Rudd sworn in as Australian Prime Minister
AUSTRALIA, Labor Party leader Kevin Rudd was sworn in as Australia's
26th prime minister Monday, launching a new era in which he has pledged
to roll back many of his conservative predecessor's policies.
Nine days after a landslide election victory over John Howard's
11-year-old coalition government, Rudd took the oath of office before
Governor-General Michael Jeffery at Government House in Canberra.
In a sharp break with Howard's policies, the new prime minister has
promised to sign the Kyoto Protocol on climate change, pull Australian
troops out of Iraq and dismantle union-busting labour laws.
Watched by his wife Therese Rein, a millionaire businesswoman, and
their three children, Rudd swore on a bible to "well and truly serve the
Commonwealth of Australia, her land and her people, in the office of
prime minister."
Rudd's deputy in the Labor Party, Julia Gillard, was sworn in as the
first woman to hold the post of deputy prime minister, along with the
rest of his cabinet. The 20 cabinet ministers, 10 other ministers and 12
parliamentary secretaries were due to hold a full ministerial meeting in
Parliament House after the swearing-in, with Rudd pledging to get to
work immediately.
"It's an important day for us because we turn a new page into the
future," he told reporters ahead of the swearing-in. "It's getting down
to work on the agenda we put to the people during the election period.
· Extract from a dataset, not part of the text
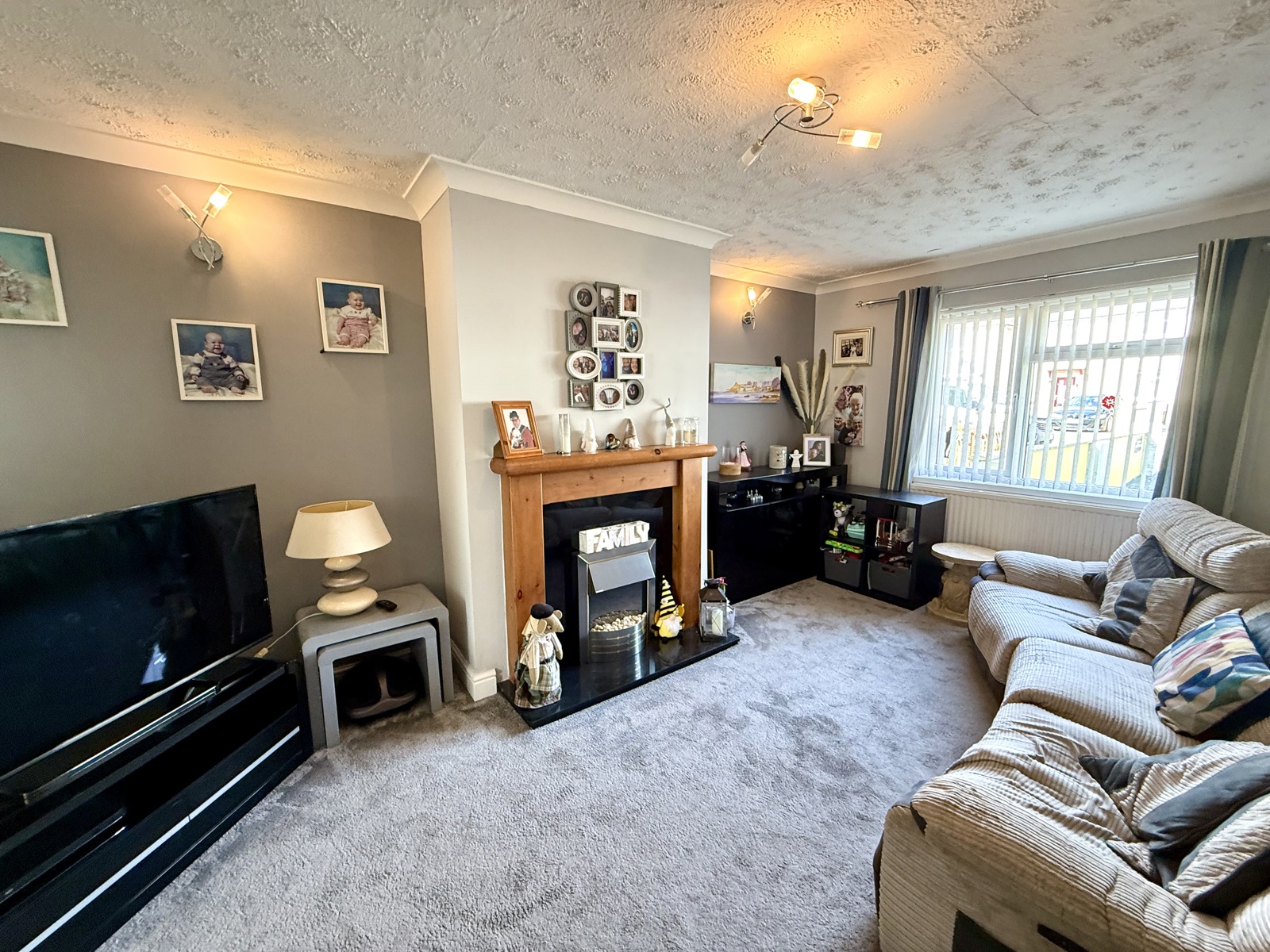 Carpeted flooring and uPVC double glazed window looking out to the front of the property.

I'm really looking forward to that."
A reversal of Howard's refusal to ratify the Kyoto Protocol on global
warming was top of the agenda, said Rudd, who travels next week to a
major UN climate change conference in Bali, Indonesia.
"As I said prior to the election, our first act as the incoming
government would be to proceed with the ratification of Kyoto. "That
remains our intention and when I land in Bali we would hope that
ratification process would be underway."
But Rudd warned that the conference's task of hammering out a roadmap
for a new global agreement on reducing greenhouse gas emissions when the
Kyoto provisions expire in 2012 would not be easy.